I *use* the address. Partly I was curious about whether all this
mucking about with posted email addresses was really necessary, and
whether publishing a real address was practical. I was prepared to
give it up and fall back to others if that was necessary. My conclusion
is that it is practical, but only if you run your own mail server.
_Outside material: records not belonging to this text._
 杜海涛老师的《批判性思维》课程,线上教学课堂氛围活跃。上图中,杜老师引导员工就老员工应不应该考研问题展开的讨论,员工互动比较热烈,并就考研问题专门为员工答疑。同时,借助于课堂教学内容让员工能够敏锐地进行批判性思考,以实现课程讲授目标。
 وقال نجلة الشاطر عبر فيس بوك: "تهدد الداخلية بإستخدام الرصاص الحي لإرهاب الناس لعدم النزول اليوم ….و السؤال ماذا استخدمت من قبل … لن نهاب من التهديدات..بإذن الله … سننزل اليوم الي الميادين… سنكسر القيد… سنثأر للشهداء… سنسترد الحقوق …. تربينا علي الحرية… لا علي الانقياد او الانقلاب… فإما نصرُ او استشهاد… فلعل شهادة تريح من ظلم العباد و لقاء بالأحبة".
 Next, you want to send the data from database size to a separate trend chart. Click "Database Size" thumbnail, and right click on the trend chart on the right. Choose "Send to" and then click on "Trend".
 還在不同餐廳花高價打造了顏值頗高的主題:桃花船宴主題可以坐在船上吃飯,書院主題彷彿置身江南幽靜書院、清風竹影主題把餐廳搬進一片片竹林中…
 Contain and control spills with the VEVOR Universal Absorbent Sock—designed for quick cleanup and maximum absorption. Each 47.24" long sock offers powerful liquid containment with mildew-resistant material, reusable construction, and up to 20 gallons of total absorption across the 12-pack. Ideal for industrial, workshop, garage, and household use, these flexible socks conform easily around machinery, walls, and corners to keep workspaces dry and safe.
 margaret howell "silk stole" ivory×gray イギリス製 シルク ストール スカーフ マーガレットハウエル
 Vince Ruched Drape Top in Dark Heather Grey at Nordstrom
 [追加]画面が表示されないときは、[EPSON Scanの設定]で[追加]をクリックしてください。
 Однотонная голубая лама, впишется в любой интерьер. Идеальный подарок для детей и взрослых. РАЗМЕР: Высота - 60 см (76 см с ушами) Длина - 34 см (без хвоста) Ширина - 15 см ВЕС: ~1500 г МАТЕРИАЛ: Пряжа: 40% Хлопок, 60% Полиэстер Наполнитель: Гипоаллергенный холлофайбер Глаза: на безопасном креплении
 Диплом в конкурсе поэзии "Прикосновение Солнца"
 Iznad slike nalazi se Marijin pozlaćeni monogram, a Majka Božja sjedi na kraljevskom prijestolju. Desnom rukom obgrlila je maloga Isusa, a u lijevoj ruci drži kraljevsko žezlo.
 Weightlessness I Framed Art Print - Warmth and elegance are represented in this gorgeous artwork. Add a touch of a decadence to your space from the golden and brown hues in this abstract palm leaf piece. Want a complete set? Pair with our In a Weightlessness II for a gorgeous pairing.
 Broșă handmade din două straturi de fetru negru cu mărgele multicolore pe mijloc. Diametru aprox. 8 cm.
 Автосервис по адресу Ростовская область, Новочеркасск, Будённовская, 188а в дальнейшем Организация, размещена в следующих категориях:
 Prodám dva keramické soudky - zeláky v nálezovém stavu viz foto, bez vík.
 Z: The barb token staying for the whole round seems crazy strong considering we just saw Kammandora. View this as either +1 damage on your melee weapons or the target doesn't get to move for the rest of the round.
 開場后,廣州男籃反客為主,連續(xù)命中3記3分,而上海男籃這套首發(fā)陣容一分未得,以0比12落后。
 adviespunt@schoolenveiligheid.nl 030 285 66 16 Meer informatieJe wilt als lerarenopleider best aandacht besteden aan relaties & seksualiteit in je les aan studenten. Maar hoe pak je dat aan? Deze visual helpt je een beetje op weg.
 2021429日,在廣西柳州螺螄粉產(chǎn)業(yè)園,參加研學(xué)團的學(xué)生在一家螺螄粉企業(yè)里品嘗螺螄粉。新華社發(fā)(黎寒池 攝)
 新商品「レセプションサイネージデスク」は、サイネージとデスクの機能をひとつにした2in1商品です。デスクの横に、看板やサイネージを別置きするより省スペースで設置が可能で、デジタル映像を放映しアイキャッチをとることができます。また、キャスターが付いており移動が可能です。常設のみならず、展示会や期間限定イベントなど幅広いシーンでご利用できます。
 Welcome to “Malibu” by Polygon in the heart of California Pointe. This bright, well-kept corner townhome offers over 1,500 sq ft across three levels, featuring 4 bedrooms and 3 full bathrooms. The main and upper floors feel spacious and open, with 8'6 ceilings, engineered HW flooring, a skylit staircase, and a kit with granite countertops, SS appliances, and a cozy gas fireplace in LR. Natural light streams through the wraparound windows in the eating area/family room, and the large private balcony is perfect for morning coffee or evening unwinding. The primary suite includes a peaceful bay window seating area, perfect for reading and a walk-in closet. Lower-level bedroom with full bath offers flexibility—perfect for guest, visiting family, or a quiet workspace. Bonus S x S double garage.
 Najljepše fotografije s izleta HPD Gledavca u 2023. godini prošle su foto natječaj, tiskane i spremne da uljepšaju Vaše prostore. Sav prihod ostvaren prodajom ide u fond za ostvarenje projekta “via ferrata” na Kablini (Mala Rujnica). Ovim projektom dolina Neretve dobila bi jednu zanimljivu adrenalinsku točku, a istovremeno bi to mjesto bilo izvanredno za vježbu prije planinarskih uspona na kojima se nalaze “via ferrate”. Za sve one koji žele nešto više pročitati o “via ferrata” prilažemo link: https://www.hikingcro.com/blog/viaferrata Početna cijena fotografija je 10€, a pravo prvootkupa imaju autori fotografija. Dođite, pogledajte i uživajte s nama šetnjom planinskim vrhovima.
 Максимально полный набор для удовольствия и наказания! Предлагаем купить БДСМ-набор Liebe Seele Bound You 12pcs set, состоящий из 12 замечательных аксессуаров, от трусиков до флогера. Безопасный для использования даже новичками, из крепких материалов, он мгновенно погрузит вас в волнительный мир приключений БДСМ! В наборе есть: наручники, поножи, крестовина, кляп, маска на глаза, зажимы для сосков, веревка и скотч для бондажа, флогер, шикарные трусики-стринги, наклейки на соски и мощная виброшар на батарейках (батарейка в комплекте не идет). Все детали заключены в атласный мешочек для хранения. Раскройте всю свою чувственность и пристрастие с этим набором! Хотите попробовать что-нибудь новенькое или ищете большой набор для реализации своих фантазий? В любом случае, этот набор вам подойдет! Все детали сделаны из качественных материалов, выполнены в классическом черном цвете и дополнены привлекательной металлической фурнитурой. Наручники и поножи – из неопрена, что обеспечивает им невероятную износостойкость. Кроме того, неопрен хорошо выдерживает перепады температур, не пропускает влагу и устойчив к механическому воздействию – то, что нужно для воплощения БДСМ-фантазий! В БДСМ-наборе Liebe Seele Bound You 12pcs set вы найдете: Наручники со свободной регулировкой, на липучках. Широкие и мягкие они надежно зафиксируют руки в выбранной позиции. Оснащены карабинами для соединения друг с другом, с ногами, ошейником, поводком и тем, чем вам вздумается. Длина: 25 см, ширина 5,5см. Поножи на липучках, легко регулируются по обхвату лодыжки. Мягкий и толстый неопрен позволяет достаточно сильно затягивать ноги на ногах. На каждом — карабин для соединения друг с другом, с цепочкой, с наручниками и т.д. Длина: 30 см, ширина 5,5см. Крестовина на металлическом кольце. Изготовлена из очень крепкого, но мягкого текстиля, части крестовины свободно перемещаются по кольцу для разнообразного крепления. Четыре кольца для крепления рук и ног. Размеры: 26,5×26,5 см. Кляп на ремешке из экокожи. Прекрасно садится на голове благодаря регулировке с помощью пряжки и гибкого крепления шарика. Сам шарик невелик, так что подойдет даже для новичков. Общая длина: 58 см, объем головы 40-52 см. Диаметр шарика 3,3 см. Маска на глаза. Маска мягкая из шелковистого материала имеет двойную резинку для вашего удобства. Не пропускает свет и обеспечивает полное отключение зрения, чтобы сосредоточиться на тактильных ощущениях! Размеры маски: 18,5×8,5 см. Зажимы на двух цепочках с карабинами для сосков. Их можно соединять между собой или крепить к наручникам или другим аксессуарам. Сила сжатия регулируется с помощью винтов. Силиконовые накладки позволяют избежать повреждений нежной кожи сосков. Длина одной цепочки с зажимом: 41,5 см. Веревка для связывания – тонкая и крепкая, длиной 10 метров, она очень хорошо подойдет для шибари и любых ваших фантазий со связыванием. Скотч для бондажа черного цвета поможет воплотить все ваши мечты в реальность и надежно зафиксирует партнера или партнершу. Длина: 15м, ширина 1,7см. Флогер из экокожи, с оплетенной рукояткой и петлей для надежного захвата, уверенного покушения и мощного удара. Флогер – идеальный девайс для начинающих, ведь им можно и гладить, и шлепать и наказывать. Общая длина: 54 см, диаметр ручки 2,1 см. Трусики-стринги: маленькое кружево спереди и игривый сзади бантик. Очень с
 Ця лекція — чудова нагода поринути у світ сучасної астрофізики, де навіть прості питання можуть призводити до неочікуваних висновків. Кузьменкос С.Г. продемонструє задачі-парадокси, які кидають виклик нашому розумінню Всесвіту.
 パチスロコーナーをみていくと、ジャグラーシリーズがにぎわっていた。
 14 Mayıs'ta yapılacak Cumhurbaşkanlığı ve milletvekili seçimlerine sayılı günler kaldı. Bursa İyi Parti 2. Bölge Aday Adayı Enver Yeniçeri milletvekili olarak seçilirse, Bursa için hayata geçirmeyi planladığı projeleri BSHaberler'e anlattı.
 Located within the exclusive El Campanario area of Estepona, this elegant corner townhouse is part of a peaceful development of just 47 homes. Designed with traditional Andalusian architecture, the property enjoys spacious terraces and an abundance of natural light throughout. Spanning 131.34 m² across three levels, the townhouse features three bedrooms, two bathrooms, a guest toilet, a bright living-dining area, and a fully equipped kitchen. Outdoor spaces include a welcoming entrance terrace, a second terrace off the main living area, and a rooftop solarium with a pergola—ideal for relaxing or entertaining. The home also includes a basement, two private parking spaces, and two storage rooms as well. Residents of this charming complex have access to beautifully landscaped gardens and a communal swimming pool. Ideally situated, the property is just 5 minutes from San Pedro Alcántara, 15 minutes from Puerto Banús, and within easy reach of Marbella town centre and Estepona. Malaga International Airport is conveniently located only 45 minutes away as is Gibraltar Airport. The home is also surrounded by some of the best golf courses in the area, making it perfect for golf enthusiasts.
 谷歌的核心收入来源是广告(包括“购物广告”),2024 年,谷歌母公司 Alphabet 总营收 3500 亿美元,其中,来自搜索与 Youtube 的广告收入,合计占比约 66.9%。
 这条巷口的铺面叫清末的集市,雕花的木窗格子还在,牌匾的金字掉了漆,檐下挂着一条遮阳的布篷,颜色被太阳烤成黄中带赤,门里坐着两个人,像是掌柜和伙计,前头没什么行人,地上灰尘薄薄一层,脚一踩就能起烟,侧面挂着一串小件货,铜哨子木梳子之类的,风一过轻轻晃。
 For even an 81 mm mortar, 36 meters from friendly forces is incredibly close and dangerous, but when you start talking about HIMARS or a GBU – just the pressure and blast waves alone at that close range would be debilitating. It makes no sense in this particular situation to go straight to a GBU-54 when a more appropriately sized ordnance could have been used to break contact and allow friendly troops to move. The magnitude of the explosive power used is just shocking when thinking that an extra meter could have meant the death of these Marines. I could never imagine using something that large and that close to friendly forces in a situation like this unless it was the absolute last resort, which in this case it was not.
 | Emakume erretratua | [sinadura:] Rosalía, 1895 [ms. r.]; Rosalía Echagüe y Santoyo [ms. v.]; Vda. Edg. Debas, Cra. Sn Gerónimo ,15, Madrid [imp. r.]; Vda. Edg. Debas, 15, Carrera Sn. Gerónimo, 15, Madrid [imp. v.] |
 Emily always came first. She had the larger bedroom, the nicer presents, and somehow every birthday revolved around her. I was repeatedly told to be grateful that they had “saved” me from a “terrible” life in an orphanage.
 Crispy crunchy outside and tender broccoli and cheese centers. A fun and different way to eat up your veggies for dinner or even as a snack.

Spamassassin and other content filtering just doesn't hack it, it's an
arms race out there and I got fed up constantly refining rules and still
dropping the odd real email.
> 
> Every now and then, I still get a spate of junkmail there, where the
> to: field has a long list of semi-random names@isp.tld . I know those
> names are bogus because I know there are not that many users at this
> isp who have registered themselves with English names. Rather amusing.
> 
> What are the junkmailers doing? Shotgun mailing the isp with possible
> user names.
> 
> If the isp responds with a code that says my user-id is valid, the
> junk mailer knows he has a live address.
> 

I don't think so, I think it's all NDR spam. I don't see enough real
attempts at dictionary attacks. I see the same dozen names tried day
after day, even hour after hour, and most of the non-repeated names are
just random letter strings that could never be real email names. The
actual published address gets one to two dozen bogus connections a
day, none of the other genuine recipients get more than one or two a
week. The intention is that the spam emails be accepted by a catch-all
domain-wide mail server, then later bounced by the one that holds the
mailboxes and knows the addresses are invalid. If the authoritative
mail server for the domain knows the genuine recipients, it doesn't
work, and that's the biggest single anti-spam measure possible.